Without doubt, there are difficulties experienced by individuals, groups or people or nations that are clearly the result of their own behaviour or sin.  The heavy smoker who gets emphysema deserves our compassion and our care, but their sickness is the direct consequence of their behaviour.  A reckless young driver who becomes a paraplegic needs to have his physical, emotional and spiritual needs taken seriously, but it was he himself who caused the accident.

Then there are people whose situation is the result of structural sin.  We might think of the plight of refugees on Manus Island or of families of construction workers killed at work.  We might think of indigenous families still suffering from the consequences of the stolen generation and ongoing prejudice and lack of opportunity.    We might think of young people bullied at work, women who have been sexually harassed.

Sometimes suffering is just random.  Hilda was at the pedestrian crossing waiting for the lights to change.  Her friend Joan stepped back to look in a shop window.  A driver lost control of her car and Hilda was killed.  Joan was only two metres away and was physically unharmed.  Karen lives with a personality disorder that diminishes her own life and that of her parents.  She has three sisters, none of whom have a similar disorder.

One refugee made it to Australia before the cruel and arbitrary ban on the entry of refugees coming by boat.  His brother who came just a short time later has lived in detention for years.  Jeannie lived a rich and full life.  She ate well and exercised regularly.  But at the age of 50 she had a debilitating stroke and needs the constant care of a nursing home.

What do we make of this?  It is the perennial problem.  Why does a good God allow evil?  Why do the innocent suffer?  Why did an earthquake occur in New Guinea where life is hard enough for people?
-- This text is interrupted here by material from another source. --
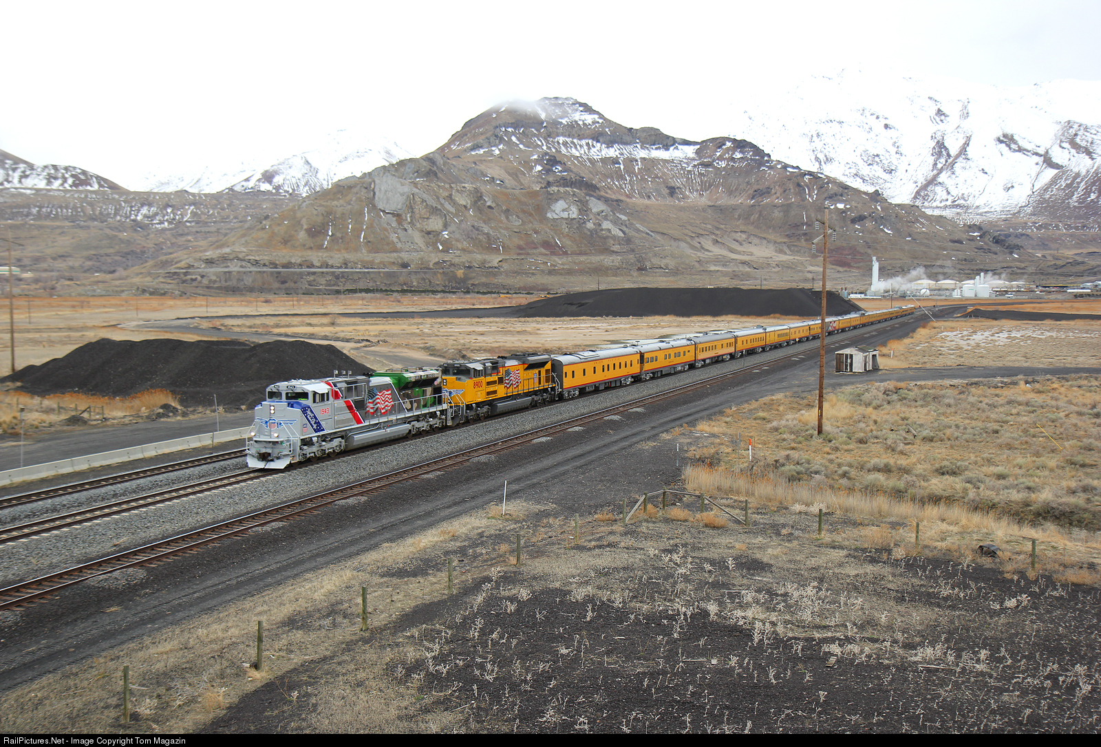 UP put a little green for St Patrick's Day on the point of this 20 car passenger car in the form of camouflage. The "Spirit of Union Pacific" leads the train in and out of a snow storm at Garfield enroute to Ogden Utah.

The technical theological term for this dilemma is theodicy.

Nathan’s translation of Jesus’ conversation with Nicodemus might be instructive.  All those who put their trust in Jesus can have boundless life.  So often we think of this boundless life, eternal life, as being something that we begin to live in heaven after we have died.  But I want to suggest that this boundless life is something that we live now.  This boundless life does not save us from suffering, our problems will not magically disappear.  Our bodies, minds and spirits will be assailed with all the challenges of human life.  But we will find meaning in our suffering by remembering the suffering of Jesus.  Everyone who looks up to him in trust and hope will receive life without limit.  Our sufferings will bring us closer to Jesus.
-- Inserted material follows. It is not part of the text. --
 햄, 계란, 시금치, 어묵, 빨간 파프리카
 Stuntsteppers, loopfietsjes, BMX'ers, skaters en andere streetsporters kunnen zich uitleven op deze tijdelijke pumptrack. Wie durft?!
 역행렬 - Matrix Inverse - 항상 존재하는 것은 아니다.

Some people become bitter and angry by suffering.  Their relationships break down and fracture.  Life is a misery for them and for their family and friends.  By living the boundless life that Jesus offers, we can find endurance and courage in our own sufferings and more compassionate to others.  We know that suffering is not the end – the end is resurrection.

Our Lenten discipline is designed for just this purpose, to make that relationship stronger – to come to the one who has endured torture, isolation, death and who can be with us in any tragic circumstance.